Никон швырял слова за спину, как каменья, не заботясь, слушают ли его, и не таясь чужих ушей. Вода-снежница прыскала из-под подочв на подол рясы. В плотной тишине пестрый дятел тряс червчатой гузкой, монотонно долбил сушину. С ближнего болотного прыска с шумом снялось гнездо чирят. Дьяк вздрогнул, разом вспотел, содрал лисий треух. Вспыхнул на последние слова. Остановился, осердясь, крикнул вослед уходящему Никону:
«Я на тебя не приклепывал, святитель! Напраслину молвишь!..
«Не кричи, не глухой! Чего расщеперился, как глухарь на кочке! – окоротил Никон, дожидаясь дьяка. – Не говорил так, но думал.
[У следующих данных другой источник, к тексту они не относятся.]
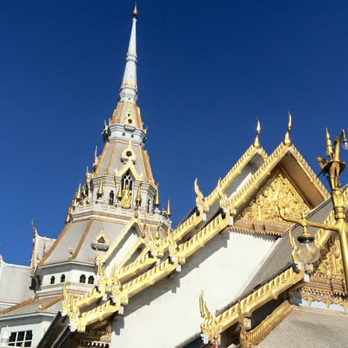 | คำอธิบาย : พระอุโบสถ มีประตูทางเข้า 4 ทิศทาง ผนังก่ออิฐ ผิวผนัง เชิงผนัง เชิงเสา และพนักภายในบุด้วยหินอ่อนทั้งหมด ผนังภายในไม่เขียนภาพจิตรกรรม เป็นเอกลักษณ์เฉพาะที่แตกต่างจากอุโบสถทั่วไป พื้นปูด้วยหินแกรนิตประดิษฐ์เป็นลวดลาย เพดานเป็นรูปทรงโดมแบบตะวันตก เหนือฝ้าเพดานพระอุโบสถขึ้นไปเป็นอาคารทรงมณฑป ประดิษฐานพระสถูปเจดีย์บรรจุพระบรมสารีริกธาตุไว้ หลังคามีลักษณะเป็นจั่วเปิด มุงด้วยกระเบื้องเซรามิกสี่ด่อน ตกแต่งด้วยช่อฟ้าปากปลารวยระกาฝักเพกา และหางหงส์แบบไทย ซึ่งทำด้วยเซรามิกเคลือบน้ำทอง ที่มีเพียงแห่งเดียวในประเทศไทย ด้านข้างมีหลังคาซ้อนกัน 4 ชั้น ด้านยาวหลังคาซ้อนกัน 5 ชั้น หลังคาคลุมมุขโถงอีก 1 ชั้น ส่วนหน้าบัน มีทั้งหมด 8 หน้าบัน 5 แบบ ประดิษฐ์ลวดลายมีความหมายแตกต่างกัน |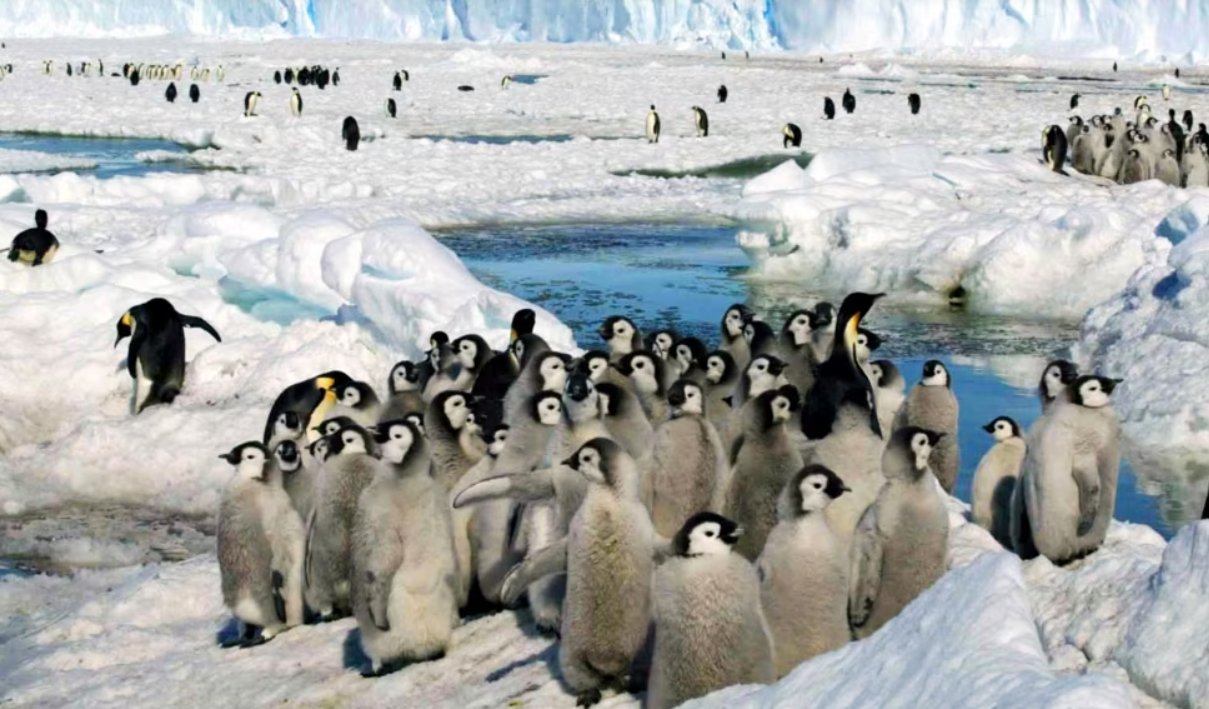 황제펭귄 병아리들은 남극의 겨울 동안 형성되는 얼음 위에서 태어난다. 펭귄 병아리들은 태어난 후 한 두 달 동안 방수 깃털이 자라지 않기 때문에 그 얼음은 중요합니다.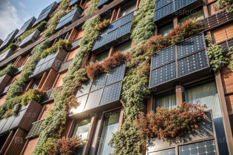 Новый жилой район с современными семейными новостройками, многоэтажное здание со солнечными батареями для электроснабжения и отопления фасадов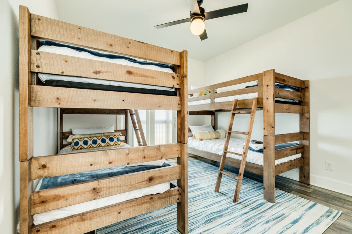 ~ Bunk Room/Bedroom 4: Upper level with 2 x Twin over Twin bunks, shared hall bath and door to upper deck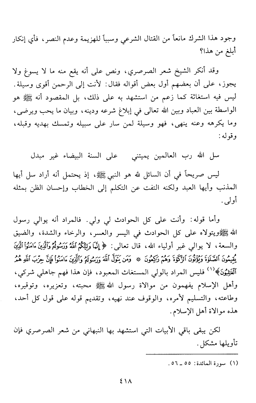 وقد أنكر الشيخ شعر الصرصري، ونص على أنه يقع منه ما لا يسوغ ولا يجوز، على أن بعضهم أول بعض أقواله فقال: لأنت إلى الرحمن أقوى وسيلة. ليس فيه استغاثة كما زعم من استشهد به على ذلك، بل المقصود أنه صلى الله عليه وسلم هو الواسطة بين العباد وبين الله تعالى في إبلاع شرعه ودينه، وبيان ما يحب ويرضى، وما يكرهه وعنه ينهى، فهو وسيلة لمن سار على سبيله وتمسك بهديه وقبله، وقوله: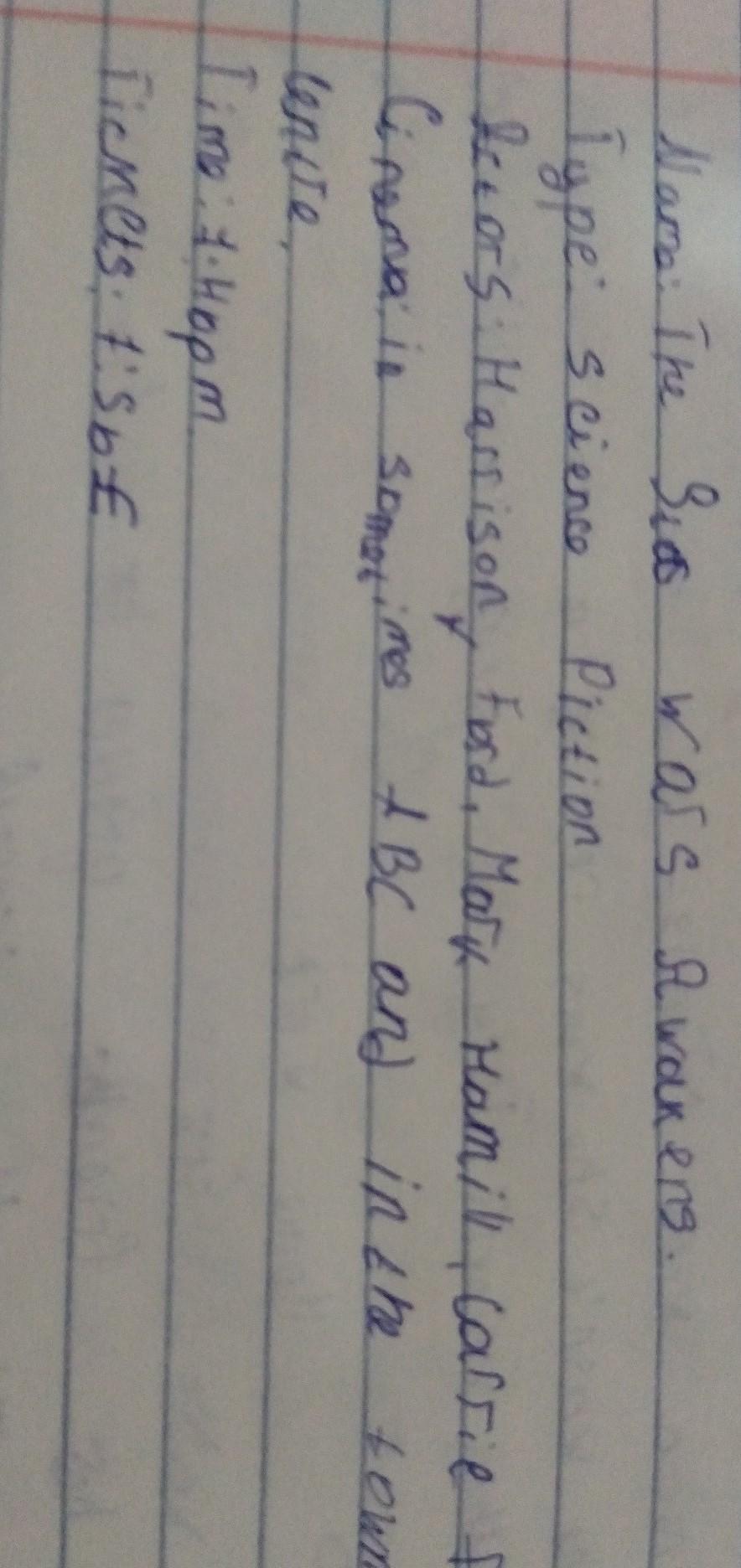 Акторс: Harrison Ford Mark Hamill, carrie fisher. 2in sometimes ABS and in the town centre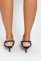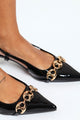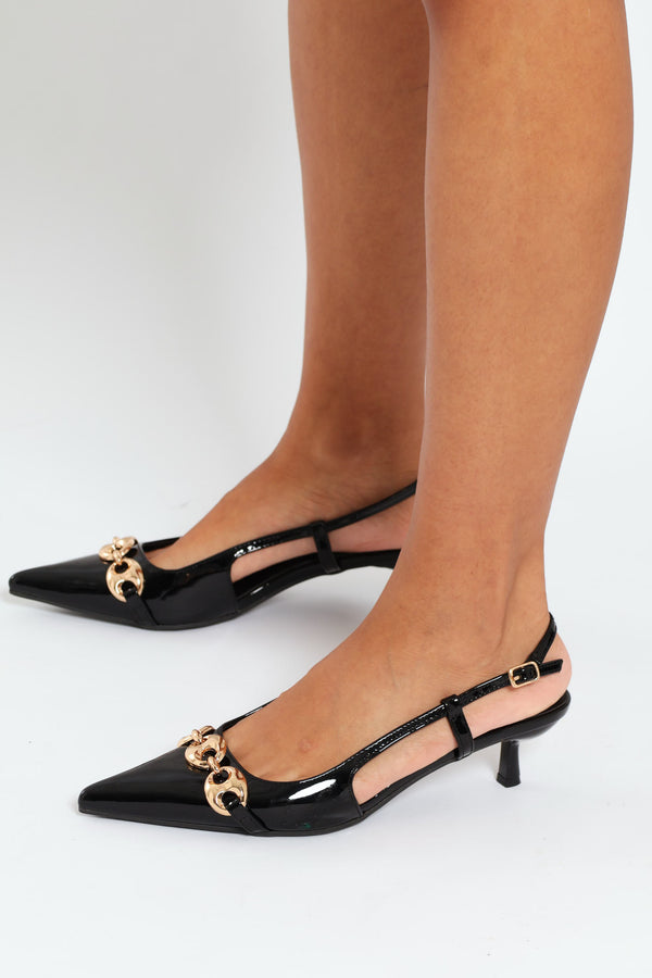 Indulge in sleek sophistication with our Low Shaped Slingback Court in classic black. Made with a chunky link design, these courts elevate any look with subtle edge. The low shape and slingback style add a touch of elegance, making them perfect for both day and evening wear.

Не бойся слова сказанного, но умысленного. Знаю вас, чертово семя. Все из одной черниленки. Все с ножиками за голенищем. Ладно, ладно, не дуйся, проехали. Поди сюда. Я чего хотел сказать! С людьми ладить надо. Вы все „дай“ да „подай“, а никто не скажет „на“. Мне нынче стоит лишь пару строчек написать Выговскому, и он будет по-прежнему служить великому государю и меня послушает. И прежде во всем добро меня слушивал, только надобно полячишек держать умеючи. Они люди рассыпчатые, оттого и с православия скинулись. Чуть зазевался – меж пальцев протекут, и не ухватишь. Но верное слово слышат и души православной дрожат, еретники… От Бога отстали и к сатане не прилепились, растеклись дижинью. Поперек батьки в пекло бегут…»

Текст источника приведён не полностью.